Market insight and a highlight of Cabana’s year-to-date performance:
Cabana’s seven portfolios range from “Conservative” to “Aggressive” and include an income strategy and an “Accumulator” portfolio. Performance is as of market close on May 25, 2018 and is presented net of maximum advisory fees and commissions. The market was closed for Memorial Day on Monday, May 28.
Cabana Portfolios were mixed, but essentially flat during the holiday-shortened week. Our low-beta Conservative and Alpha Income Portfolios outperformed as a result of the drop in interest rates. They were both up slightly, while other portfolios were slightly down.
Markets have continued the multi-week march to nowhere. All major indexes have remained above technical support and the 50-day moving average. A stellar earnings season is now behind us and we seem to be trading on news. Each day brings a new crisis (or solution to the previous day’s crisis). Whether it is the trade war with China, denuclearization talks with North Korea or political crisis in Italy. U.S. interest rates fell back below 3%. I consider this the only fundamental factor worth mentioning, and as I pointed out last week, this pullback is overdue and could eventually provide some lift to the otherwise range-bound stock market.

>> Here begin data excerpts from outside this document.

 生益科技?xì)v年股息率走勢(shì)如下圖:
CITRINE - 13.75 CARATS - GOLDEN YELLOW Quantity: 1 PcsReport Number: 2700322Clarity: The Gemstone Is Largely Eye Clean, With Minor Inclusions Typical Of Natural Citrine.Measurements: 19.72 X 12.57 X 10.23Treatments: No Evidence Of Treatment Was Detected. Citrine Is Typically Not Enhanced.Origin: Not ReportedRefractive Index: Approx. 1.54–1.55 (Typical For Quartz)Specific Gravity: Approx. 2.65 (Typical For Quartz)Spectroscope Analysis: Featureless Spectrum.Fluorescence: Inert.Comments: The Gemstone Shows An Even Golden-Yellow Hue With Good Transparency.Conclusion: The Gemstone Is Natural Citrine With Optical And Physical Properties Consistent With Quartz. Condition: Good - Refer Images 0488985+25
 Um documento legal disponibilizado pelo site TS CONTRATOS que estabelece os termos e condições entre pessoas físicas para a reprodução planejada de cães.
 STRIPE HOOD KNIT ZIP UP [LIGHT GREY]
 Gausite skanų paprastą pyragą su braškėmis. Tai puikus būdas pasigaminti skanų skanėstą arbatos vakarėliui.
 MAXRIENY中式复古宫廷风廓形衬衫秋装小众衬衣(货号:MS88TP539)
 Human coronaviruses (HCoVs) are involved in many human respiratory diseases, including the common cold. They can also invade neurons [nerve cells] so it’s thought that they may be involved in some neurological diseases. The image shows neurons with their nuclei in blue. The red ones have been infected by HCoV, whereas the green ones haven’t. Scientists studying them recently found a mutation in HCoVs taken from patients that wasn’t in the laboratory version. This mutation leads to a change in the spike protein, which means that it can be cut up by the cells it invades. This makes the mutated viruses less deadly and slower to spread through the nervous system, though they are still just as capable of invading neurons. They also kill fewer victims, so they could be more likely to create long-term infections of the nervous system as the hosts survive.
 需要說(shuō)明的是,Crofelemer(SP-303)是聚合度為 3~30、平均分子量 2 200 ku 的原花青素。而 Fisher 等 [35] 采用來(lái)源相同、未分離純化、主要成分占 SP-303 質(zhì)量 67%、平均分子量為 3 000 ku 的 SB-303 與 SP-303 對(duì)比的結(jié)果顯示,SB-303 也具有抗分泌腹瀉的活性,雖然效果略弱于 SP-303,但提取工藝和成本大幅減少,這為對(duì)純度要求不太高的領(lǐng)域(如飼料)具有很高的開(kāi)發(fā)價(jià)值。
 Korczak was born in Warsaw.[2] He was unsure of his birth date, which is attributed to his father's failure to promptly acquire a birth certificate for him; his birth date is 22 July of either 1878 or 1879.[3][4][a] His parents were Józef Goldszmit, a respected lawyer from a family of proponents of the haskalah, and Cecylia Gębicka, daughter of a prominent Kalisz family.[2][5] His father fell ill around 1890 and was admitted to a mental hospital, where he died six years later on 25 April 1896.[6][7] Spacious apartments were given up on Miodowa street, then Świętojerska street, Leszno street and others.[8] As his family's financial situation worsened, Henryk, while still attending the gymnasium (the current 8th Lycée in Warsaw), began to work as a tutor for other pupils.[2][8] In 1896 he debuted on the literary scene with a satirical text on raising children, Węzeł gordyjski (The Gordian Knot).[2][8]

Since markets seem to be focused on the day-to-day gyrations of politics and media rhetoric, I thought it might be beneficial to revisit some very basic philosophies that we follow here at Cabana. First, we do not ever trade on news. The reason for this is that by the time the news comes out, it is too late. Markets of all types are incredibly efficient. They immediately assimilate the new information, weigh its potential value and price assets accordingly. We do not claim to be so smart or so fast. Second, most “news” is entirely irrelevant. The news that is of importance will ultimately impact what does matter – interest rates and earnings! We watch this information constantly and when things change for the better or worse, we respond. We may not catch tops or bottoms of price swings, but we don’t try to either. What we try to accomplish is to consistently identify (in a general sense) where we are in the economic cycle and invest in the assets that are relatively attractive at that point. Then we build in hedges of assets that move in the opposite direction of our chosen assets. When we have it right, our selected assets will perform well and our hedges will underperform. In bull markets our hedges act as a drag on performance. That is fine by us because those same hedges reduce drawdown (or loss) when things get rocky. We believe that the key to long-term success and generation of wealth, is to avoid big losses if at all possible. This is not a perfect system, but it is simple and prudent. I hope this helps advisors and clients sleep well at night, regardless of the day’s entertainment.
Year-to-date net-of-fees performance:
ALPHA INCOME: -1.09%
Performance is presented net of the maximum advisory fees and commissions (2%). Numbers indicated with (+) for positive return and (-) for negative return.